Check out the top stories. They're Tim Russert asking Clinton about Iraq, Chris Matthews tying Clinton's support to her husband's scandals ("the reason she's a candidate for president, the reason she may be a front-runner is her husband messed around"), a fact-check pointing out that Clinton cast the same Iraq vote as Chuck Hagel, The Nation's Washington editor arguing that people are frustrated with Matthews, John Gibson defending Matthews, the Washington Post truncating Clinton comments on MLK, and… oh, one Obama story, where Howard Kurtz leaves a few words out of an Obama quote.

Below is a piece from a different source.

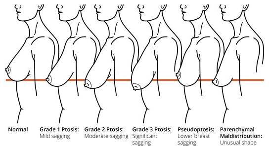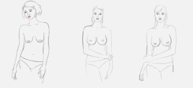 但是從側(cè)面看,一對比,就能有個直觀感受了。如果乳房最低點,甚至乳頭,和最左邊的正常胸型相比低很多,而且向下垂的傾向嚴重,那你也許真的有這個問題了。

My instinct is to say this is good for the Clintons, but the uptick in HRC shilling seems to correspond with a downturn in traffic. Media watchdog groups and bloggers get more oomph when they promote statements that everyone elsed missed (stuff from hour 2 of Rush Limbaugh or Michael Savage) than when they blubber about cable TV hosts. Still, it's something the Republicans probably wish they had. The MRC is nowhere near so targeted for or against a particular candidate.